Note-se desde logo que a norma não fala, e a rigor sequer cogita de a majoração poder ser utilizada como pena ou punição pelo simples ato de recorrer. O que o Legislador quis estabelecer é naturalmente simples: majoram-se os honorários de advogado como uma azada contraprestação a um trabalho adicional que o advogado foi obrigado a fazer, quando interpôs recurso. Basta considerar o emprego da emblemática expressão “trabalho adicional” para se chegar à óbvia conclusão.

Assim, se o trabalho adicional desenvolvido pelo advogado no ato de interpor recurso deu resultado, porque o recurso foi provido, ainda que em parte, é justo que se majorem os honorários do advogado. Trata-se, singelamente, de remunerar com maior justiça o trabalho do advogado materializado na interposição de um recurso que se mostrou necessário, tanto assim que foi provido, ainda que em parte.

Sucede, entretanto, que uma grande parte da jurisprudência vê a majoração dos honorários de advogado sob uma enviesada perspectiva: a de que a majoração dos honorários constitui uma punição ao advogado que, sem razão, recorre. De maneira que, se a parte recorre e o recurso não é provido, deve suportar, como pena, a majoração dos honorários de advogado da parte contrária.  Tratar-se-ia, portanto, de uma espécie de punição por algo que se assemelharia à litigância de má-fé. A parte que interpõe recurso e perde, deve sofrer uma pena.

Mas o que legitimaria essa interpretação? O Legislador em nenhum momento fala de “punição”, e o enunciado normativo é por demais claro no fixar a sua finalidade. Portanto, não podem os juízes inventar uma finalidade que não foi pensada pelo Legislador.

E a situação ficou ainda pior com a interpretação feita pelo STJ  ao dizer que a norma legal “foi criada para fortalecer os princípios da celeridade processual e da duração razoável do processo (…), servindo como um desestímulo à interposição de recursos com pouca ou nenhuma perspectiva de êxito”.

Devemos desde logo destacar que não há instituto processual no CPC/2015 que possa ter sido criado sem que o Legislador tivesse descurado do princípio da celeridade, porque norma constitucional impõe que se observe esse princípio, o que, contudo, não significa que esse princípio tenha sempre a mesma relevância, ou que o princípio da celeridade não deva ser ponderado em face de outros princípios constitucionais.  Quando se cuidam de normas que preveem os recursos, por exemplo, o princípio da segurança jurídica tem primazia sobre o princípio da celeridade.

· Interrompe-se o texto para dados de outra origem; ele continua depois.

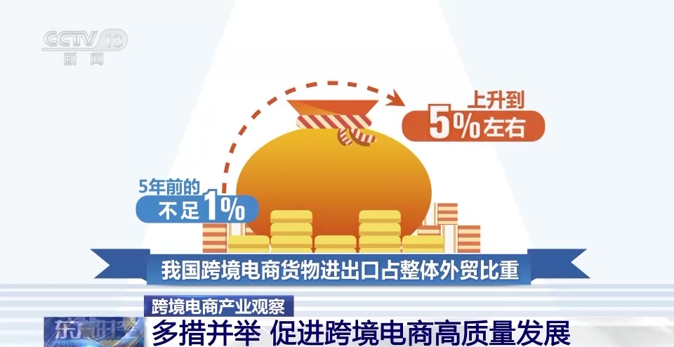 如今,我国跨境电商货物进出口占整体外贸比重由5年前的不足1%上升到5%左右。我国跨境电商主体已超10万家,进出口额1亿元以上的约7800家。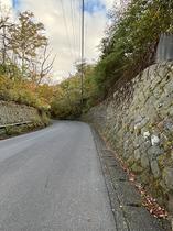 【前面道路】こちらは北西側の私道(坂道)です。道路の左側が対象の土地です。

Quanto ao argumento de que se deva punir de algum modo a “interposição de recursos com pouca ou nenhuma perspectiva de êxito”, como se pode fazer de antemão esse tipo de valoração? Quantas e quantas vezes uma tese jurídica que havia sido rechaçada não foi depois acolhida, e muitas vezes pelo mesmo tribunal?

Qual o limite objetivo que se deve estabelecer entre o direito à interposição de recurso e o abuso desse direito? É para isso que existem os institutos da litigância de má-fé e do abuso do direito processual, cujos requisitos estão previstos no CPC/2015 e que não prescindem de uma análise profunda acerca da comprovação de dolo ou culpa grave, observando-se que  essa análise somente pode ocorrer sob o contraditório, como garante a ideia de um processo justo, enfeixada no princípio do devido processo legal. Evidentemente, que o tribunal, quando está a fixar os honorários de advogado, não encontra terreno, nem momento próprio para analisar detidamente se houve dolo ou culpa grave na interposição de recurso, o que é assaz motivo para que possa atribuir ao instituto da majoração dos honorários um caráter punitivo.

Outro problema criado com a interpretação levada a cabo pelo STJ radica no excluir o direito à majoração dos honorários de advogado quando o recurso é parcialmente provido, como se nesse caso não se pudesse justificar o trabalho adicional realizado pelo advogado no interpor o recurso. Provido em parte o recurso, a remuneração pelo trabalho adicional deve ser proporcional, mas não excluída.